The first English slave trader was John Hawkins in the sixteenth century, but his prominence was short-lived.  In 1568, a Spanish fleet overwhelmed his fleet.  Hawkins fled and England did not become active in the slave trade until after colonies were established in the Americas during the reign of James I.*  Jamestown, the first permanent English settlement (1607) was in dire straits until the discovery that its land was suitable for tobacco growing.  In 1619 a Dutch ship boarded a Spanish vessel, pirated its cargo of Africans, and then itself beset by storms, landed at Jamestown.  This was the first importation of negroes to arrive in North America.  During the early seventeenth century the English settlers relied upon indentured servants gathered from the poor in London, to work the tobacco farms.  But the demand for tobacco in Europe – what King James called that ‘stinking suffumigation’ – was such that, with cheap land, more and more tobacco was produced.  Africans were needed to supply the labour.

The first Africans brought to America were treated as indentured servants, like poor whites, not as slaves for life.  Only in the mid-seventeenth century did race become the foremost factor.  Slavery had been first justified on the grounds that Africans were not christians.  But the prospect of Africans converting to christianity helped bring about an emphasis on race.*  Slavery became a status recognised by statute in Massachusetts in 1641; in Connecticut in 1650 and in Virginia in 1661.*  In 1669 Virginia declared it lawful to kill a slave during punishment. 

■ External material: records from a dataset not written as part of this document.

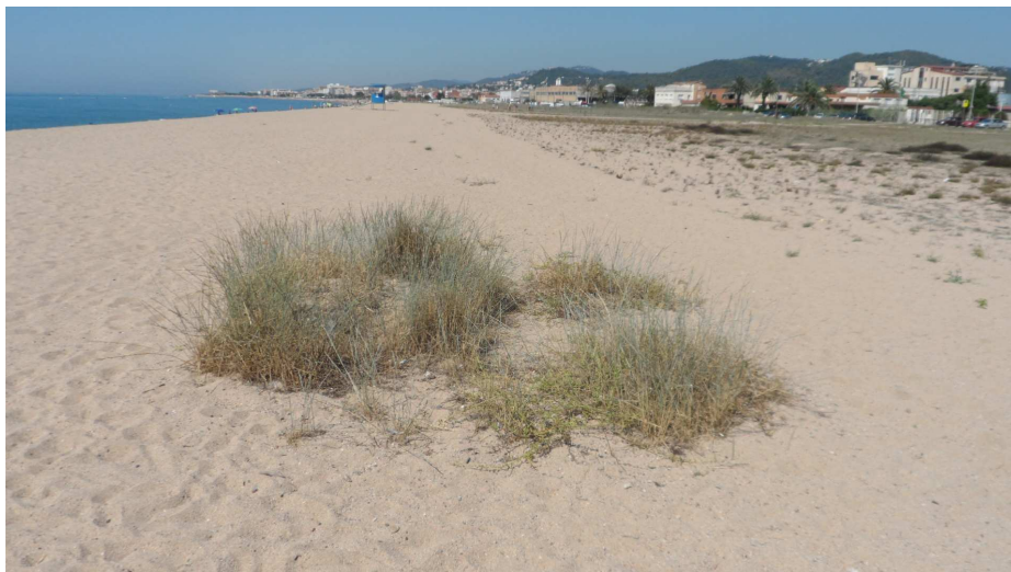
Foto 11: Aquest rodal de vegetació psamòfila, dominat pel jull de platja, s'ha salvat pel fet que les gramínies eren un obstacle massa important al pas de la màquina de neteja de la platja. S'hi observa prou bé la superfície d'ocupació de vegetació (i les espècies que hi eren presents) que s'ha perdut pel fet d'ampliar l'àrea afectada pel pas de la màquina.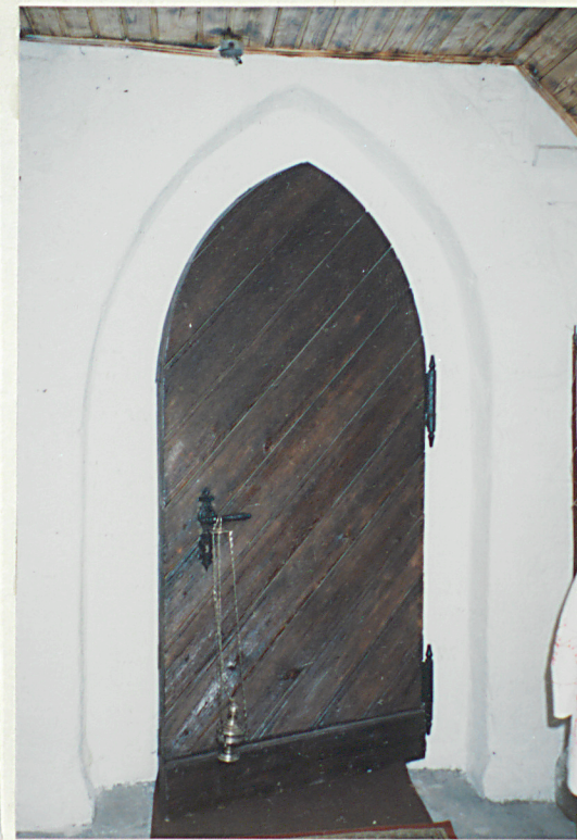
Portal w połudn. ścianie prezbiterium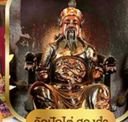
วัดบิกไต้ ฮองอ่า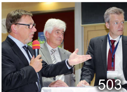
47. Kongress der Deutschen Gesellschaft für Allgemein- medizin und Familienmedizin.

Vier Kompetenzebenen der neuen Muster-Weiterbildungsordnung.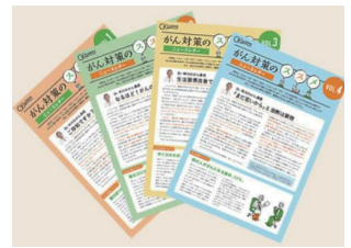
毎月最新の情報をNewsとしてお届け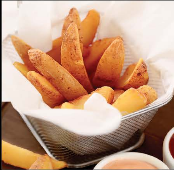
Patate di casa 190 р. картофель по-деревенски с двумя соусами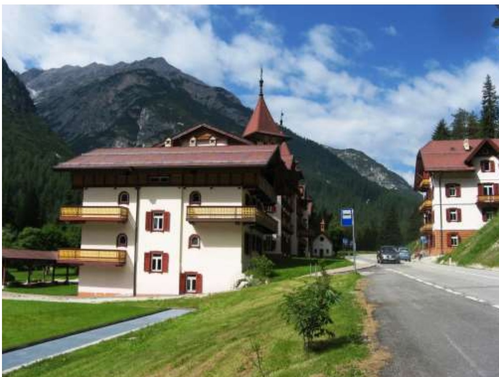
Schluderbach (Perneckzy L. 2008.)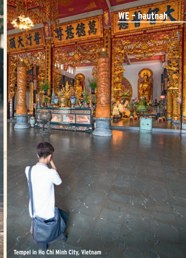
Tempel in Ho Chi Minh City, Vietnam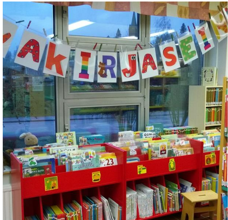
Kuva 5. Genrelokerikko kuvakirjaseinällä.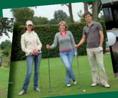
Nog enkele teamfoto's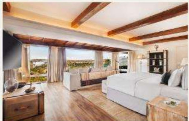
Gran Meliá Iguazú Argentina Side

The slave trade was very profitable.  A monopoly was vested in the Royal African Company in 1672 and this lasted until 1698 when all Englishmen were granted the right to trade in slaves.  Between 1680 and 1700 some 300,000 negroes were exported from Africa by English merchants.*

The eighteenth century saw England’s rise to dominance.  Its greater involvement with the trade ran concurrently with military victory and commercial and imperial expansion.  By the Treaty of Utrecht (1713) the asiento or contract for the supply of 4,800 negroes annually to the Spanish colonies was transferred to Great Britain and an English company was thus able to enjoy a monopoly of that trade during the first half of the eighteenth century. 

By 1770 British traders were exporting 40,000-60,000 slaves annually.  At that time the trade was chiefly carried on from Liverpool.  In 1776, the year America declared independence, 192 slave ships sailed from English ports.  At the end of the century more than half the trade was British.  Of 72,000 slaves exported in 1790, 38,000 were transported by British traders, the balance being shipped by French, Portuguese, Dutch and Danish in that order.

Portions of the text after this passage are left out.